Over a year after the Supreme Court dismissed telecom major Vodafone’s petition challenging Indian tax authorities’ jurisdiction over its $11.2-billion acquisition of Hutchison Essar in 2007, UK Prime Minister Gordon Brown has written to Prime Minister Manmohan Singh warning that such tax treatment will affect India’s investment climate.
Brown’s missive follows a showcause notice by the income tax department to Vodafone in October 2009 — that was a step towards raising a tax demand on the firm for $1.7 billion on capital gains, and possibly even penalties with 18% annual interest since the transaction.
Vodafone had questioned the tax department’s jurisdiction over share transfer between two overseas companies — Hutchison International and CGP Investment, incorporated in the Cayman Islands—through which the shares were routed to Vodafone. A Bloomberg-UTV report said Brown told Singh in the letter that taxing cross-border deals such as the Vodafone one could create uncertainty for foreign investors and affect investment climate.

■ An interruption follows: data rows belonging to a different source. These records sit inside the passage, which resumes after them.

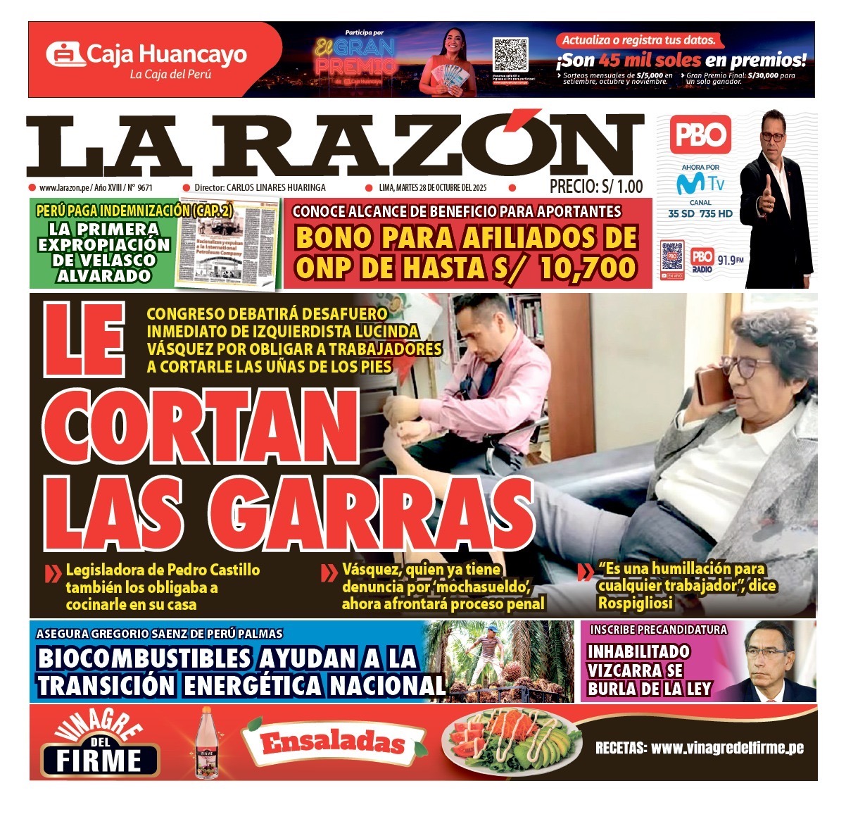 Portada Diario La Razón (28/10/2025)
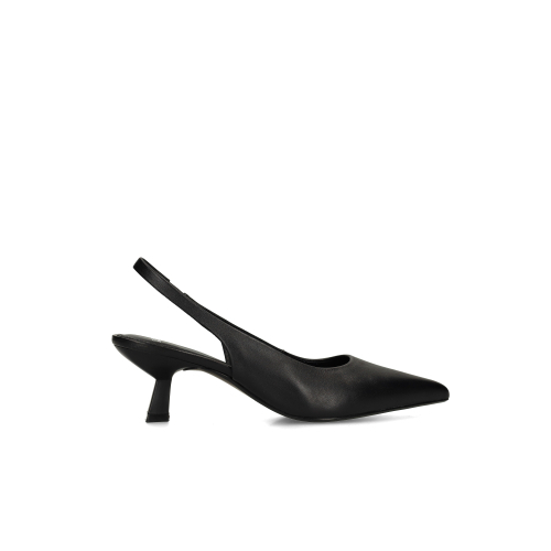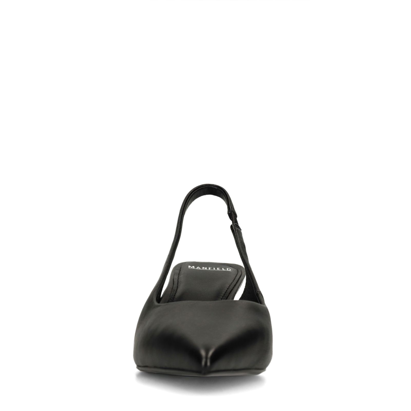 Schwarze Slingbackpumps aus Leder der Marke Manfield. Die Pumps haben einen 6 cm hohen Absatz und eine spitze Kappe. Als Schuhpflege empfehlen wir das Carbon Pro-Spray von Collonil.
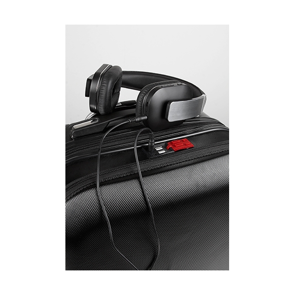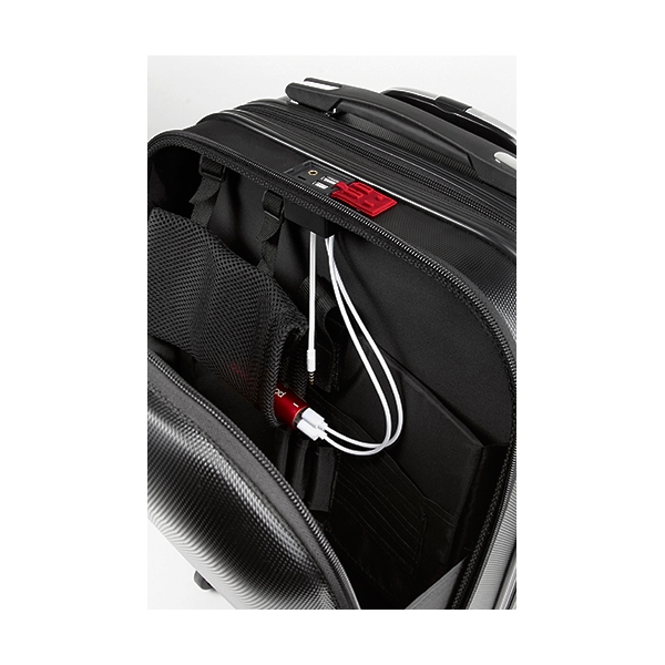 Descripción: MALETA RAINIER(Maleta trolley 4 ruedas. Cierre frontal con espacio para laptop y organizador de documentos. Cierre principal con 2 compartimentos internos. Placa metálica removible para fácil grabado y candado de seguridad con combinación de 3 d&iac) - Material: Estireno / Poliéster.
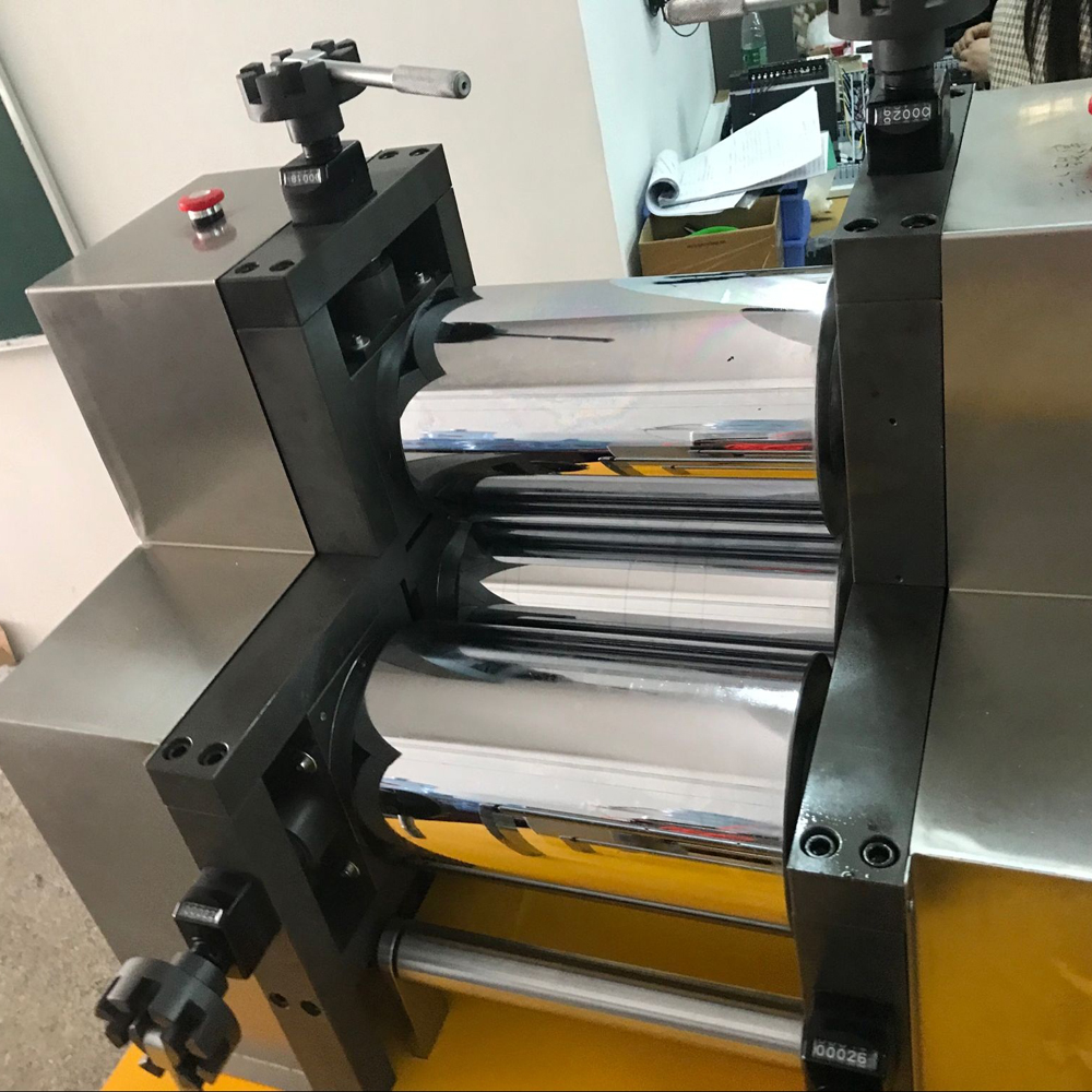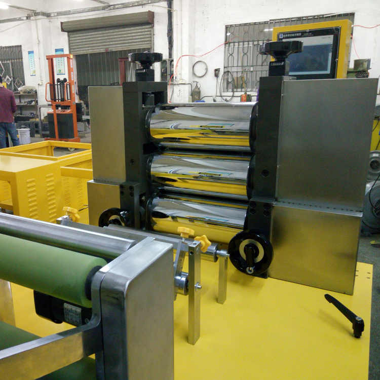 原理: 本機主要由主驅動電機、傳動裝置、擠出裝置、加料鬥、電控系統、流延模頭、兩輥壓延等組成.其工作原理為:物流從料斗裏放入經過擠出裝置的塑化和擠出變為流延狀態,再從主機經模頭出來,通過兩輥壓延機進行壓延。
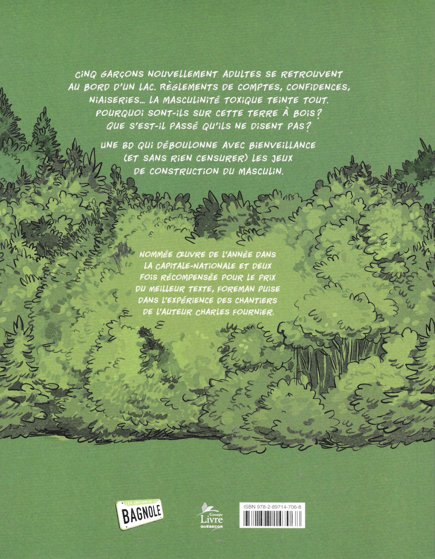 Résumé: Cinq garçons nouvellement adultes se retrouvent au bord d'un lac. Règlements de comptes, confidences, niaiseries… la masculinité toxique teinte tout. Pourquoi sont-ils sur cette terre à bois ? Que s'est-il passé qu'ils ne disent pas ?
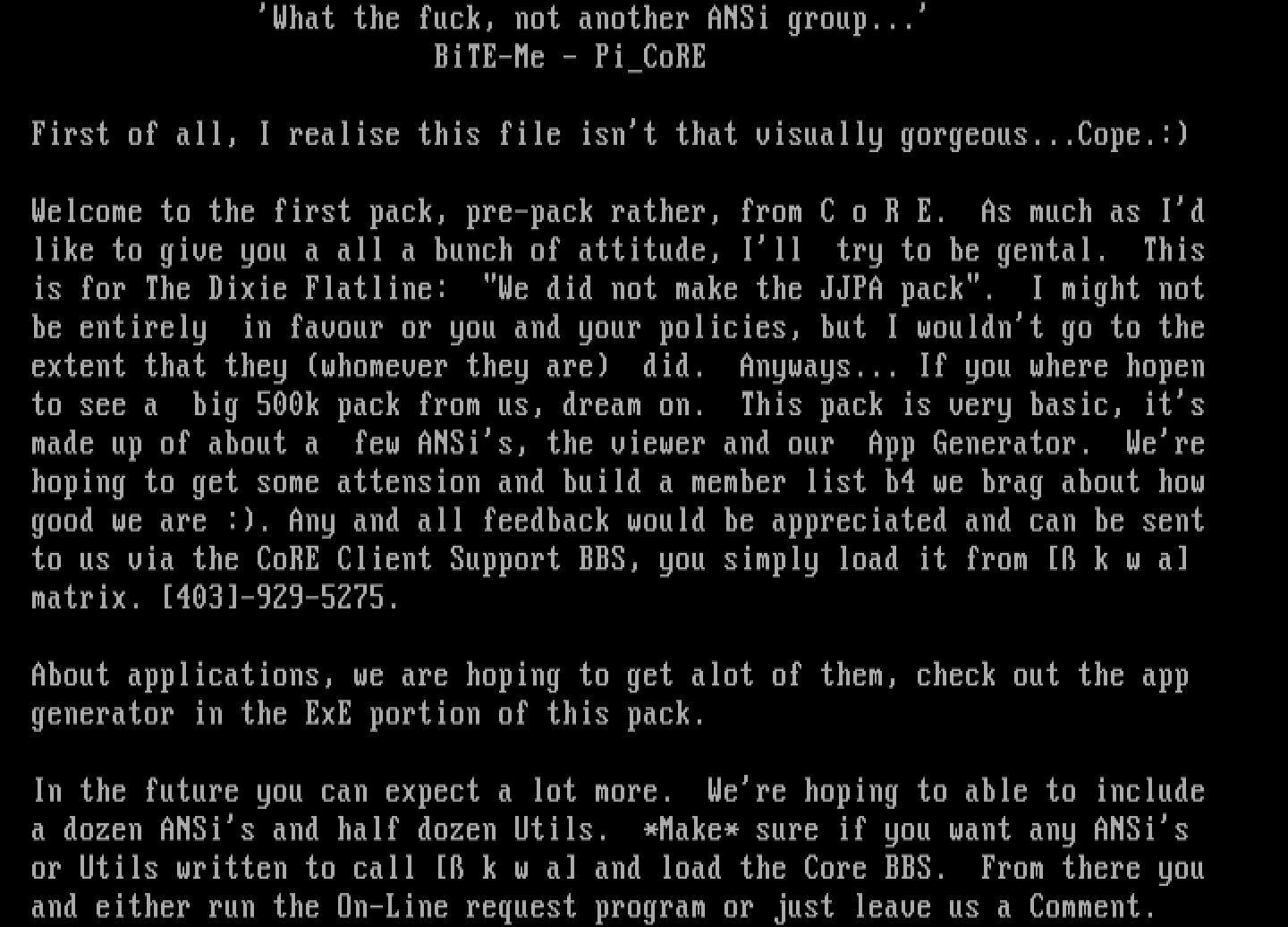 to us via the CoRE Client Support BBS, you simply load it from k w a
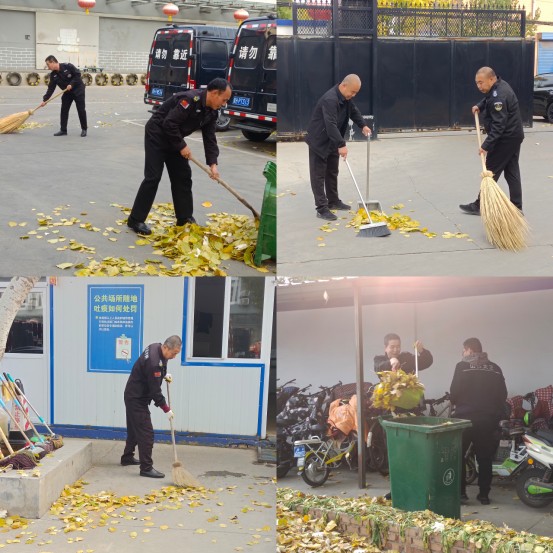 及時清掃落葉不僅能消除火災隱患,還能為隊員們營造整潔舒適的工作、休息環(huán)境;他們用自己的實際行動展示了不怕臟,不怕累,吃苦耐勞,無私奉獻的精神,同時也為守押一公司安全防護打下了堅實的基礎。
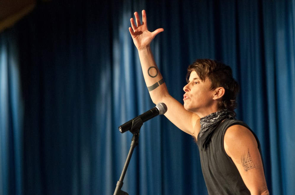 Andrea Gibson (born August 13, 1975) is an American poet and activist from Calais, Maine, who has lived in Boulder, Colorado since 1999. Gibson’s poetry focuses on gender norms, politics, social reform and the struggles LGBTQ people face in today’s society.

Bloomberg also reports that the Indian government has replied to Brown’s communiqué—pointing out that the matter is in court and no decision has been taken.
Vodafone had acquired a 52% stake in Hutch Essar and the tax department had served a 2,400 page-long show cause notice to the firm in October after a long-drawn out court battle over the department’s right to scrutinize the transaction details of the acquisition. In its notice, the department had asked the company why it should not be held that the Department has jurisdiction to proceed against it for the default of non-deduction of tax at source from the transaction.
A tax demand notice will be prepared on the basis of Vodafone’s response to the notice and experts believe it could take up to four years before Vodafone actually has to fork out the money as it would once again go through the entire judicial process against the demand notice.